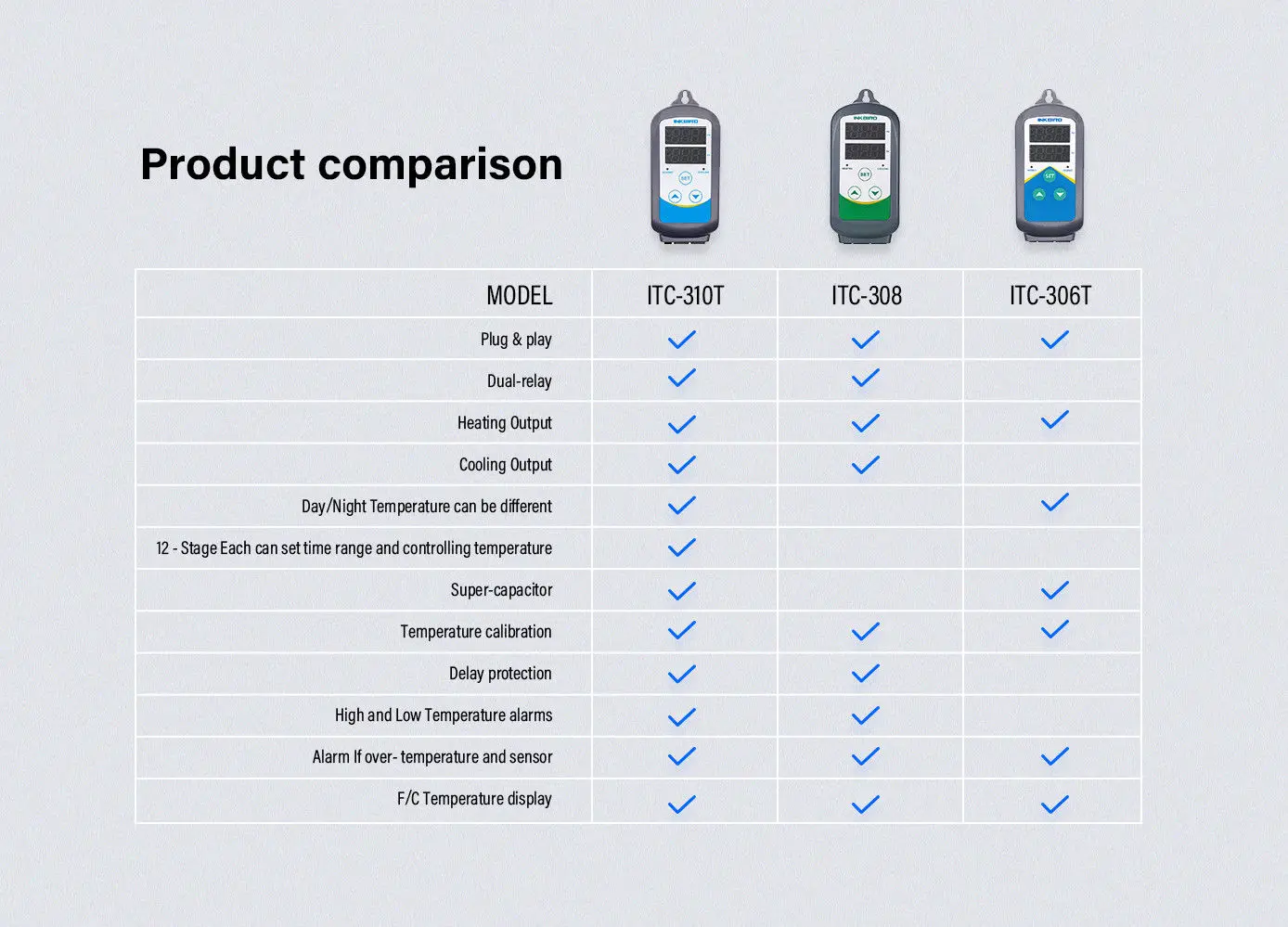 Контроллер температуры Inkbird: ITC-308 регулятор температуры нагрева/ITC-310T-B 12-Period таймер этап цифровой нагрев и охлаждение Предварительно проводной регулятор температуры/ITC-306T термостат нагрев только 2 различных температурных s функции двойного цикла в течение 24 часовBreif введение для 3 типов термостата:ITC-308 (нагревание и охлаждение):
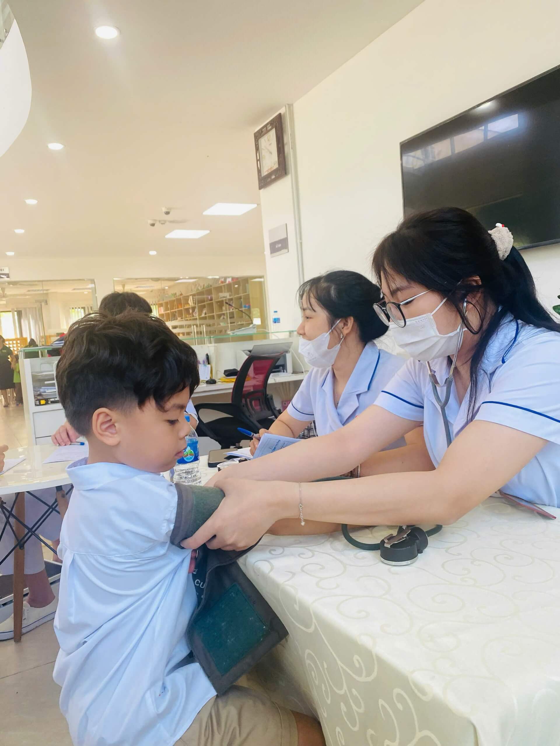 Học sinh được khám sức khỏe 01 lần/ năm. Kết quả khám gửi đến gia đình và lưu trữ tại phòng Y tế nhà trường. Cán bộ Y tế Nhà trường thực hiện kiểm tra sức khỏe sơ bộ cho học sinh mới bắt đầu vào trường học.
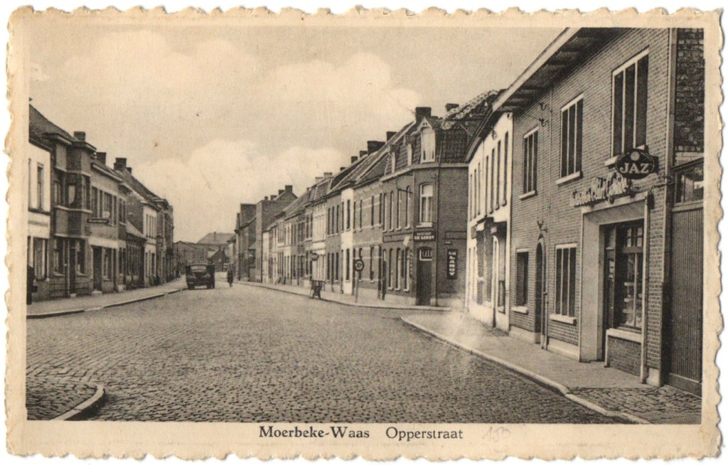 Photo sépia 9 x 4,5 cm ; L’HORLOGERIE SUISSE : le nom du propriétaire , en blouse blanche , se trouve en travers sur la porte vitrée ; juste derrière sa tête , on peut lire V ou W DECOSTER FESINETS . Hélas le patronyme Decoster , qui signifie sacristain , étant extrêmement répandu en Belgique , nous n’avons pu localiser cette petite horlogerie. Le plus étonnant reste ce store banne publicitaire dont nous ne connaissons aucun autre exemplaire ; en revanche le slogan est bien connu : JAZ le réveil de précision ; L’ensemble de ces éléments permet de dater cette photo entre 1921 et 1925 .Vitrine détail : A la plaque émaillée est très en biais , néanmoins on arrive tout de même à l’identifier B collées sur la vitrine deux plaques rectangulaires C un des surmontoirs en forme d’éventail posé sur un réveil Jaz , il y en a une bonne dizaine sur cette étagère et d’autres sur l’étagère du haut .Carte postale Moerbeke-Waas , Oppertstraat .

☆ ☆ ☆ ☆ ☆ ☆ ☆

Work instructions:
Each line above should be written out again exactly, and no picture should appear in the copy.

Solution to the exercise:
 Контроллер температуры Inkbird: ITC-308 регулятор температуры нагрева/ITC-310T-B 12-Period таймер этап цифровой нагрев и охлаждение Предварительно проводной регулятор температуры/ITC-306T термостат нагрев только 2 различных температурных s функции двойного цикла в течение 24 часовBreif введение для 3 типов термостата:ITC-308 (нагревание и охлаждение):
 Học sinh được khám sức khỏe 01 lần/ năm. Kết quả khám gửi đến gia đình và lưu trữ tại phòng Y tế nhà trường. Cán bộ Y tế Nhà trường thực hiện kiểm tra sức khỏe sơ bộ cho học sinh mới bắt đầu vào trường học.
 Photo sépia 9 x 4,5 cm ; L’HORLOGERIE SUISSE : le nom du propriétaire , en blouse blanche , se trouve en travers sur la porte vitrée ; juste derrière sa tête , on peut lire V ou W DECOSTER FESINETS . Hélas le patronyme Decoster , qui signifie sacristain , étant extrêmement répandu en Belgique , nous n’avons pu localiser cette petite horlogerie. Le plus étonnant reste ce store banne publicitaire dont nous ne connaissons aucun autre exemplaire ; en revanche le slogan est bien connu : JAZ le réveil de précision ; L’ensemble de ces éléments permet de dater cette photo entre 1921 et 1925 .Vitrine détail : A la plaque émaillée est très en biais , néanmoins on arrive tout de même à l’identifier B collées sur la vitrine deux plaques rectangulaires C un des surmontoirs en forme d’éventail posé sur un réveil Jaz , il y en a une bonne dizaine sur cette étagère et d’autres sur l’étagère du haut .Carte postale Moerbeke-Waas , Oppertstraat .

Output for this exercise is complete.